Buradan da çok rahatça anlaşılacağı gibi, toplumun ve olayların gidişatında politikanın rolü artmıştır. Politik müdahalenin rolü iki temel nedenden dolayı arttı. Birincisi, tüm kapitalist ülkelerde, sınıflar mücadelesi gelip iktidar sorununun çözümüne dayandı. İktidar mücadelesi politik mücadeledir ve politik mücadele bu aşamada en şiddetli biçimini alır. İkincisi, tekellerin egemenliği, bir avuç tekelin yararına, ekonomiye, topluma daha sert ve şiddetli müdahaleyi doğuruyor. 20. Yüzyılda politikanın bu denli etkin kullanılması, tekeller çağıyla dolaysız bağı var. İşçi sınıfı açısından da politik mücadele yolu, sosyalizme geçişin biricik etkin yoludur. Şu temel farkla, burjuvazinin politikası özel mülkiyetle sınırlanmıştır. İşçi sınıfı ise, politikayı etkin biçimde sınırlandırılmamış biçimde kullanır ve kullanıyor da. Yine bir farkı da şuradadır: Burjuvazinin politikası bir avuç sömürücünün çıkarına hizmet eder, statükocudur, çürümüştür, toplumu da çürütüyor. İşçi sınıfının devrimci politikası, dünyayı dönüştürmeyi amaçlıyor; işçi sınıfının, halkın kurtuluşuna yöneliktir.

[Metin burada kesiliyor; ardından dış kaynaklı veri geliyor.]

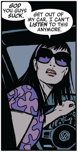 Jack: Once, in high school, I attempted to make an 800-mile cross-country road trip in secret over spring break, not because I really wanted to, exactly, but because a girl I really liked had demanded it, and at seventeen, that was enough to get me to agree to what I knew was perfectly stupid. (I was saved, incidentally, by the sage intervention of my less-stupid, less-seventeen brother, who later went on to found Retcon Punch.) I like to think we all grow out of that by the time we start making regular car payments, but this month’s Hawkeye raises some unsettling questions.

Devrimci komünist-öncü, devrimci stratejisini hayata geçirmek için savaşırken, kitlelerin günlük mücadelesi ve günlük kazanımları karşısında kayıtsız kalmazlar ve kalmamışlardır. Günlük mücadele, emekçilerin, kendi aralarında kaynaşmalarını sağlar, savaş kapasitesini pekiştirir. Toplumsal kurtuluş mücadelesinde bir okul görevi görür. Devrimin öncüsünün düşmanla iktidar savaşında geniş bir kitle desteği sağlar. Yeter ki, günlük mücadeleyle devrimin bağı doğru kurulsun. Doğru bir ilişki ancak devrimin zaferi bakış açısıyla kurulabilir. Devrimin zaferi bakış açısı ve politikası yoksa, günlük istemler mücadelesi, kitleleri sisteme bağlar ve zamanla yozlaştırır. Burada esas olan politikanın içeriğidir. İşçi sınıfı, devrimci politik mücadeleyle düşmanı karşısında üstünlük sağlar. Devrimci politika, iktidarla bağıntılıdır. İktidar yolunda, etkin politika, devrimci politikadır. İşçi sınıfı hareketi bağımsız devrimci sınıf politikası izleyerek temel devrimci hedefini gerçekleştirir ve amacını yakınlaştırır.